Codec-Robust Attacks on Audio LLMs

Prior attacks on Audio Large Language Models (Audio LLMs) demonstrated that carefully crafted waveform-domain perturbations can force targeted adversarial outputs. As a defense mechanism against these attacks, real-world codec compression preprocessing has been studied to both detect and remove the perturbations. Yet no existing attack has demonstrated robustness against these compressions. We introduce CodecAttack, which optimizes a perturbation in a neural audio codec's continuous latent space rather than directly perturbing the audio waveform. We show that the codec's compression channel, which discards waveform perturbations, transmits perturbations crafted in its own latent space. To further harden the attack across real-world compression channels, we apply multi-bitrate straight-through Expectation-over-Transformation (EoT), all without modifying the target model. Across three realistic Audio LLM deployment scenarios and three target models, CodecAttack achieves an average 85.5% target-substring attack success rate (ASR) on Opus at moderate bitrates, while the waveform baseline trained with identical EoT hardening does not exceed 26% at any bitrate. The attack transfers to held-out codecs, reaching up to 100% ASR on MP3 and 84% on AAC-LC without retraining. A per-band energy analysis shows that the latent perturbation concentrates below 4kHz, exactly where codecs allocate the most bits, while the waveform baseline spreads into higher frequencies that codecs discard. These results demonstrate that lossy compression is not a reliable defense against adversarial audio and that codec-aware attacks pose a practical threat to deployed Audio LLM systems.

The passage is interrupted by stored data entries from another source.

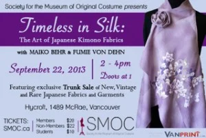 Japanese culture specialist and guest SMOC lecturer Maiko Behr provides an introduction to the dazzling diversity of traditional kimono silks, offering an intimate look into minute details of the production process. Featuring examples from the antique kimono collection and original fashions of Vancouver collector/designer Fumie Von Dehn, this special show will trace Japanese silk through centuries-old techniques of craftsmanship to Western-inspired designs of the early 20th century. Live models will present contemporary designs that reveal a deep understanding of and respect for these materials while giving them new life.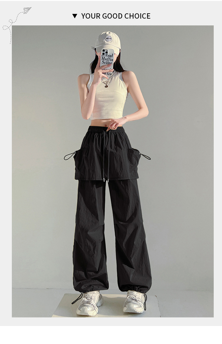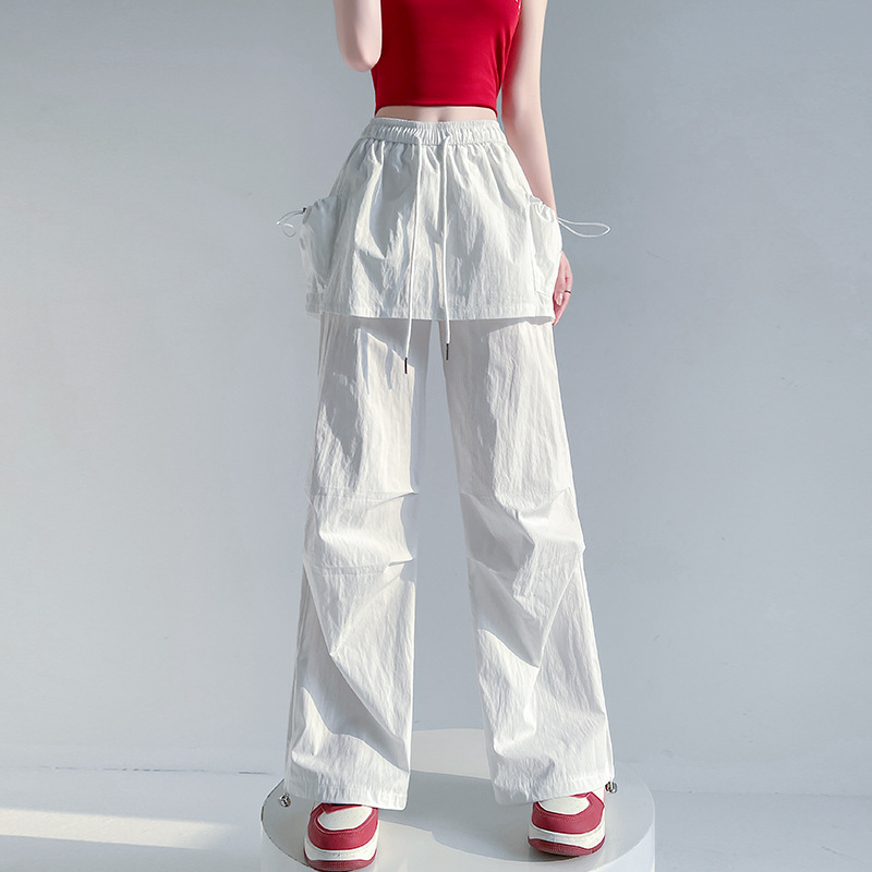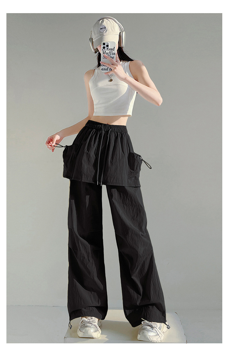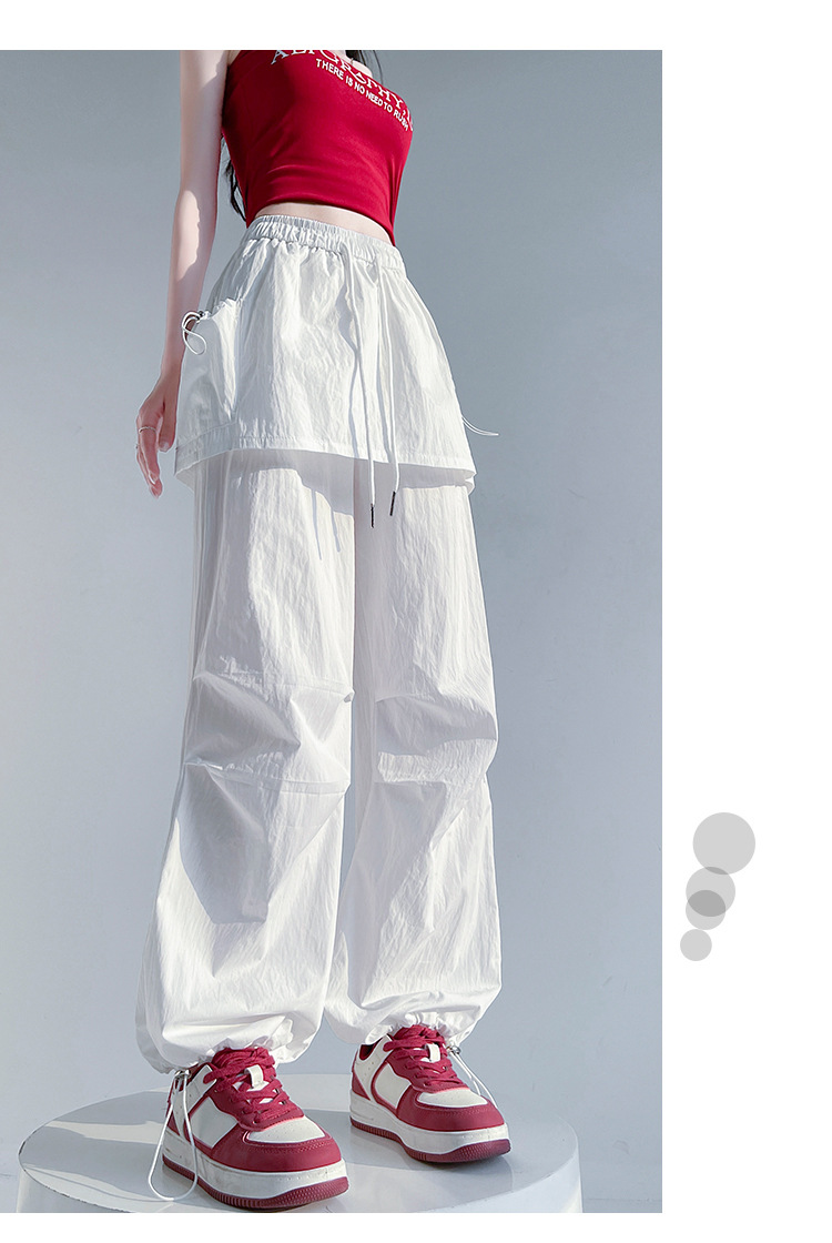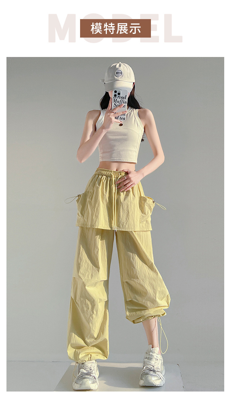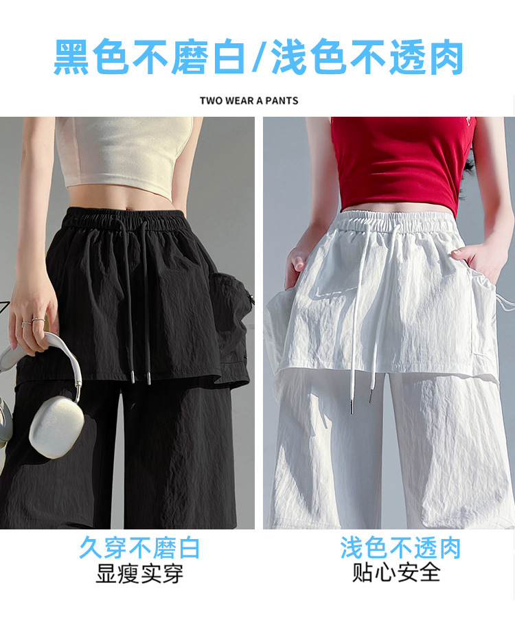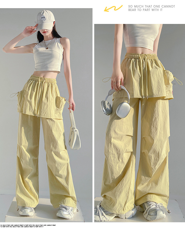 아메리칸 핫걸 아이스 실크 속건성 작업복 여성 여름 얇은 투웨어 캐주얼 바지 등산 스포츠 자외선 차단제 와이드 레그 팬츠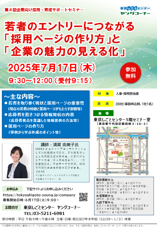 | 会場 | 東京しごとセンター5階セミナー室 |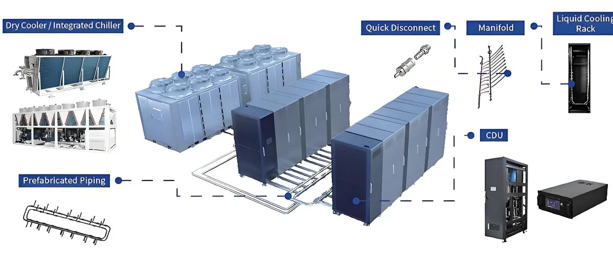 Coolnet focuses on the research and development of data center cooling products, offering a full serial of products from liquid-cooling Rack, CDU, manifold, immersion tanks, prefabricated piping, and primary side cooling sources to meet the cooling needs of various data centers. The integrated design of dry coolers and supplementary cooling units, with air-cooled modules and liquid-cooled modules sharing a set of cold water trays, which could reduces costs, saves space, and facilitates on-site installation.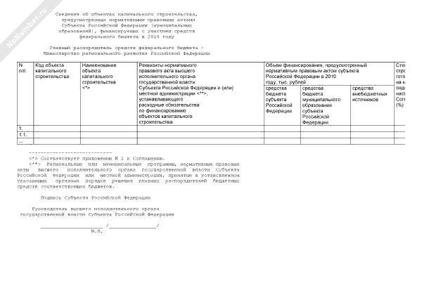 - 2529Сведения об объектах капитального строительства, предусмотренных нормативными правовыми актами субъекта Российской Федерации (муниципальных образований), финансируемых с участием средств федерального бюджета в 2010 году (приложение к соглашению)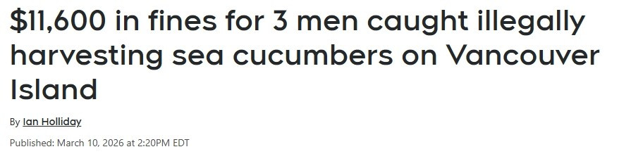 ![]()  加拿大华人非法捞海参被抓!3人狂捞43只,被罚超1.1万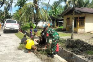 Tumbuhkan Hidup Sehat dan Lingkungan Bersih, Babinsa Koramil Mapurujaya Ajak Warga Bersihkan Parit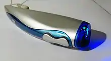 A laser mouse uses an infrared laser diode instead of an LED to illuminate the surface beneath their sensor. As early as 1998, Sun Microsystems provided a laser mouse with their Sun SPARCstation servers and workstations.[18] However, laser mice did not enter the mainstream consumer market until 2004, following the development by a team at Agilent Laboratories, Palo Alto, led by Doug Baney of a laser-based mouse based on a 850 nm VCSEL that offered a 20X improvement in tracking performance. Tong Xie, Marshall T. Depue, and Douglas M. Baney were awarded US patents 7,116,427 and 7,321,359 for their work on low power consumption broad navigability VCSEL-based consumer mice. Paul Machin at Logitech, in partnership with Agilent Technologies introduced the new technology as the MX 1000 laser mouse. This mouse uses a small infrared laser (VCSEL) instead of an LED and significantly increased the resolution of the image taken by the mouse. The laser illumination enabled superior surface tracking compared to LED-illuminated optical mice.[19]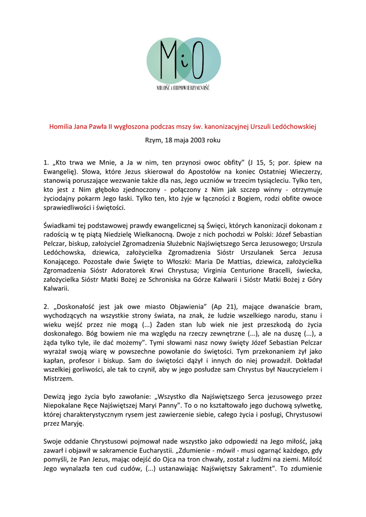 Homilia Jana Pawła II wygłoszona podczas mszy św. kanonizacyjnej Urszuli Ledóchowskiej Rzym, 18 maja 2003 roku 1. „Kto trwa we Mnie, a Ja w nim, ten przynosi owoc obfity” (J 15, 5; por. śpiew na Ewangelię). Słowa, które Jezus skierował do Apostołów na koniec Ostatniej Wieczerzy, stanowią poruszające wezwanie także dla nas, Jego uczniów w trzecim tysiącleciu. Tylko ten, kto jest z Nim głęboko zjednoczony - połączony z Nim jak szczep winny - otrzymuje życiodajny pokarm Jego łaski. Tylko ten, kto żyje w łączności z Bogiem, rodzi obfite owoce sprawiedliwości i świętości. Świadkami tej podstawowej prawdy ewangelicznej są Święci, których kanonizacji dokonam z radością w tę piątą Niedzielę Wielkanocną. Dwoje z nich pochodzi w Polski: Józef Sebastian Pelczar, biskup, założyciel Zgromadzenia Służebnic Najświętszego Serca Jezusowego; Urszula Ledóchowska, dziewica, założycielka Zgromadzenia Sióstr Urszulanek Serca Jezusa Konającego. Pozostałe dwie Święte to Włoszki: Maria De Mattias, dziewica, założycielka Zgromadzenia Sióstr Adoratorek Krwi Chrystusa; Virginia Centurione Bracelli, świecka, założycielka Sióstr Matki Bożej ze Schroniska na Górze Kalwarii i Sióstr Matki Bożej z Góry Kalwarii. 2. „Doskonałość jest jak owe miasto Objawienia” (Ap 21), mające dwanaście bram, wychodzących na wszystkie strony świata, na znak, że ludzie wszelkiego narodu, stanu i wieku wejść przez nie mogą (...) Żaden stan lub wiek nie jest przeszkodą do życia doskonałego. Bóg bowiem nie ma względu na rzeczy zewnętrzne (...), ale na duszę (...), a żąda tylko tyle, ile dać możemy”. Tymi słowami nasz nowy święty Józef Sebastian Pelczar wyrażał swoją wiarę w powszechne powołanie do świętości. Tym przekonaniem żył jako kapłan, profesor i biskup. Sam do świętości dążył i innych do niej prowadził. Dokładał wszelkiej gorliwości, ale tak to czynił, aby w jego posłudze sam Chrystus był Nauczycielem i Mistrzem. Dewizą jego życia było zawołanie: „Wszystko dla Najświętszego Serca jezusowego przez Niepokalane Ręce Najświętszej Maryi Panny”. To o no kształtowało jego duchową sylwetkę, której charakterystycznym rysem jest zawierzenie siebie, całego życia i posługi, Chrystusowi przez Maryję. Swoje oddanie Chrystusowi pojmował nade wszystko jako odpowiedź na Jego miłość, jaką zawarł i objawił w sakramencie Eucharystii. „Zdumienie - mówił - musi ogarnąć każdego, gdy pomyśli, że Pan Jezus, mając odejść do Ojca na tron chwały, został z ludźmi na ziemi. Miłość Jego wynalazła ten cud cudów, (...) ustanawiając Najświętszy Sakrament". To zdumienie wiary nieustannie budził w sobie i w innych. Ono prowadziło go też ku Maryi. Jako biegły teolog nie mógł nie widzieć w Maryi Tej, która „w tajemnicy Wcielenia antycypowała także wiarę eucharystyczną Kościoła”; Tej, która nosząc w łonie Słowo, które stało się ciałem, w pewnym sensie była „tabernakulum” - pierwszym „tabernakulum” w historii (por. Ecclesia de Eucharistia, 55). Zwracał się więc do Niej z dziecięcym oddaniem i z tą miłością, którą wyniósł z domu rodzinnego, i innych do tej miłości zachęcał. Do założonego przez siebie Zgromadzenia Służebnic Najświętszego Serca Jezusowego pisał: „Pośród pragnień Serca Jezusowego jednym z najgorętszych jest to, by Najświętsza jego Rodzicielka była czczona od wszystkich i miłowana, raz dlatego, że Ją Pan sam niewypowiedzianie miłuje, a po wtóre, że Ją uczynił Matką wszystkich ludzi, żeby Ona swa słodkością pociągała do siebie nawet tych, którzy uciekają od świętego Krzyża i wiodła ich do Serca Boskiego”. Wynosząc do chwały ołtarzy Józefa Sebastiana, modlę się za jego wstawiennictwem, aby blask jego świętości był dla sióstr sercanek, Kościoła w Przemyślu i dla wszystkich wierzących w Polsce i na świecie zachętą do takiego umiłowania Chrystusa i Jego Matki. 3. Święta Urszula Ledóchowska przez całe swe życie wiernie i z miłością wpatrywała się w oblicze Chrystusa, swego Oblubieńca. W sposób szczególny jednoczyła się z Chrystusem konającym na Krzyżu. To zjednoczenie napełniało ją niezwykłą gorliwością w dziele głoszenia słowem i czynem Dobrej Nowiny o miłości Boga. Niosła ją przede wszystkim dzieciom i młodzieży, ale też osobom znajdującym się w potrzebie, ubogim, opuszczonym, samotnym. Do nich wszystkich mówiła językiem miłości popartej czynem. Z przesłaniem Bożej miłości przemierzyła Rosję, kraje skandynawskie, Francję i Włochy. Była w swoich czasach apostołką nowej ewangelizacji, dając swym życiem i działaniem dowód, że miłość ewangeliczna jest zawsze aktualna, twórcza i skuteczna. I ona czerpała natchnienie i siły do wielkiego dzieła apostolstwa z umiłowania Eucharystii. Pisała: „Mam miłować bliźnich jak Jezus mnie umiłował. Bierzcie i jedzcie me siły, bo one są do waszej dyspozycji (...). Bierzcie i jedzcie moje zdolności, moją umiejętność (...), me serce niech swą miłością rozgrzewa i rozjaśnia życie wasze (...). Bierzcie i jedzcie mój czas - niech on będzie do waszej dyspozycji. Jam wasza, jak Jezus jest mój”. Czy w tych słowach nie brzmi echo oddania, z jakim Chrystus w Wieczerniku ofiarował samego siebie Uczniom wszystkich czasów? Zakładając Zgromadzenie Sióstr Urszulanek Serca Jezusa Konającego przekazała mu tego ducha. „Przenajświętszy Sakrament - pisała - to słońce życia naszego, to nasz skarb, nasze szczęście, nasze wszystko na ziemi. (...) Kochajcie Jezusa w tabernakulum! Tam niech serce wasze czuwa, choć ciało przy pracy, przy zajęciu. Tam Jezus, a Jezusa trzeba nam kochać tak gorąco, tak serdecznie. Jeśli nie umiemy kochać, to przynajmniej pragnijmy kochać - kochać coraz więcej!”. W świetle tej eucharystycznej miłości święta Urszula w każde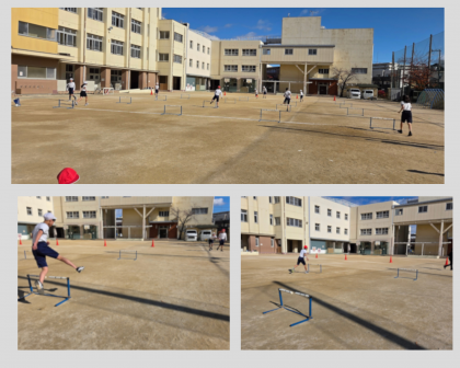 運動場で元気いっぱいハードル走をしている6年生を見つけました。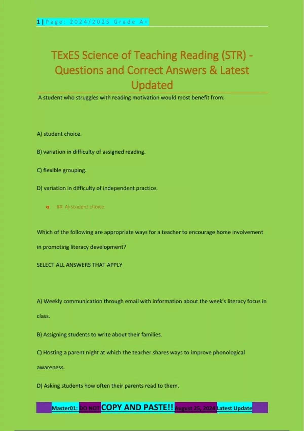 A student who struggles with reading motivation would most benefit from: A) student choice. B) variation in difficulty of assigned reading. C) flexible grouping. D) variation in difficulty of independent practice. o :## A) student choice. Which of the following are appropriate ways for a teacher to encourage home involvement in promoting literacy development? SELECT ALL ANSWERS THAT APPLY A) Weekly communication through email with information about the week's literacy focus in class. B) Assigning students to write about their families. C) Hosting a parent night at which the teacher shares ways to improve phonological awareness. D) Asking students how often their parents read to them. 2 | P a g e : 2 0 2 4 / 2 0 2 5 G r a d e A + Master01: DO NOT COPY AND PASTE!! August 25, 2024 Latest Update o :## A) Weekly communication through email with information about the week's literacy focus in class. C) Hosting a parent night at which the teacher shares ways to improve phonological awareness. A 3rd grade teacher wants to provide some enrichment activities for a small group of students who have already mastered identifying the plot, main idea, and main characters in short stories. Which skill below would be the best to study next while still staying in line with TEKS identified appropriate skills for 3rd grade students? A) Compare and contrast the characteristics of two stories. B) Analyze nonfiction texts for the use chronological text structure. C) Identify plot points as part of the rising or falling action. D) Identify and interpret literary devices such as metaphors or personification. o :## A) Compare and contrast the characteristics of two stories. A 1st grade teacher is setting up her classroom library to support student engagement and choice in students' reading habits. She has established the following rules and expectations: *Students will only check out one book at a time, returning it before being allowed to check out a new book. *Students will not be limited to books at their independent reading level. *There will be opportunities to read these individually chosen books in class and to take them home overnight. 3 | P a g e : 2 0 2 4 / 2 0 2 5 G r a d e A + Master01: DO NOT COPY AND PASTE!! August 25, 2024 Latest Update *Students will have flexible and frequent opportunities throughout the week to explore the books in the classroom library. With a focus on fostering a love of reading and promoting the value of literacy, which of these guidelines should the teacher reconsider? A) Students will only check one book at a time, returning it before being allowed to check out a new book. B) Students will not be limited to books at their independent reading level. C) T o :## A) Students will only check one book at a time, returning it before being allowed to check out a new book. Which of the following are appropriate ways for a teacher to help students develop literacy? SELECT ALL ANSWERS THAT APPL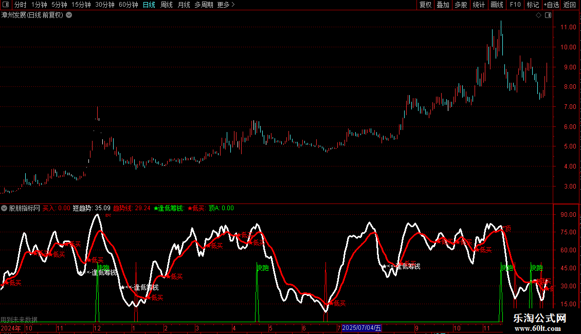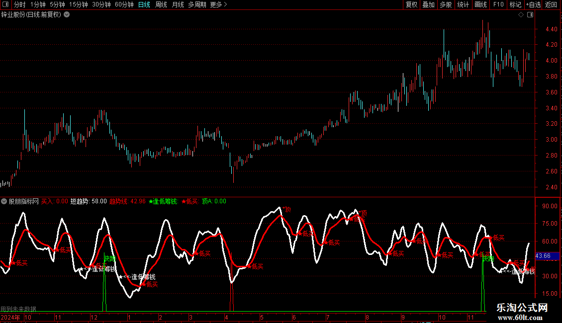 ★低买: DRAWTEXT(REF(CROSS(短趋势,趋势线),0.7) AND 短趋势>0.95*趋势线,趋势线,'★低买'),COLORRED,LINETHICK1;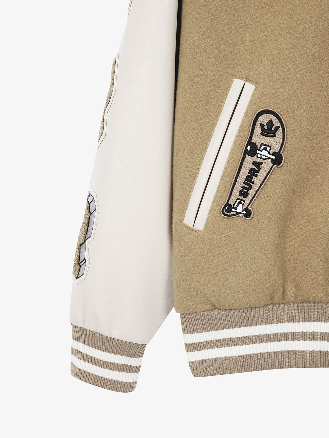 | 소재 | 겉감 모90% 겉감 나일론10% 배색 코팅 폴리우레탄 배색 지조직 레이온(비스코스)66% 배색 지조직 폴리에스터34% 안감 나일론100% 충전재 폴리에스터100% 부속 폴리에스터96% 부속 폴리우레탄4% |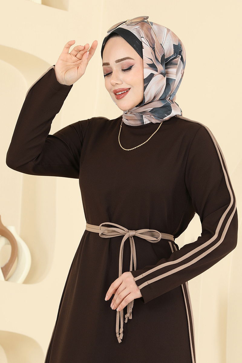 Garnili Dabıl Elbise 2781SL432 Acı Kahve

翻译：先前针对音频大语言模型的攻击表明，精心设计的波形域扰动可迫使模型产生特定对抗输出。作为防御机制，实际编解码压缩预处理已被研究用于检测并移除此类扰动。然而现有攻击均未能展现出对这些压缩操作的鲁棒性。我们提出CodecAttack方法，该方法在神经音频编解码器的连续潜空间中优化扰动，而非直接扰动音频波形。研究表明：编解码器压缩通道虽然能够滤除波形扰动，但会完整传递在其自身潜空间中设计的扰动。为强化攻击对实际压缩通道的适应性，我们采用多码率直通期望变换技术，且全程无需修改目标模型。在三种真实音频大语言模型部署场景及三个目标模型上，CodecAttack在Opus编码器以中等码率运行时取得平均85.5%的目标子串攻击成功率，而采用相同EoT强化的波形基线方法在任何码率下均未超过26%。该攻击可迁移至未参与训练的编解码器，对MP3达到100%攻击成功率，对AAC-LC达到84%且无需重新训练。频带能量分析显示，潜空间扰动集中分布在4kHz以下——这正是编解码器分配最多比特率的频段，而波形基线扰动则扩散至编解码器会丢弃的高频区域。这些结果表明：有损压缩并非对抗音频的可靠防御手段，而编解码感知攻击对部署中的音频大语言模型系统构成实际威胁。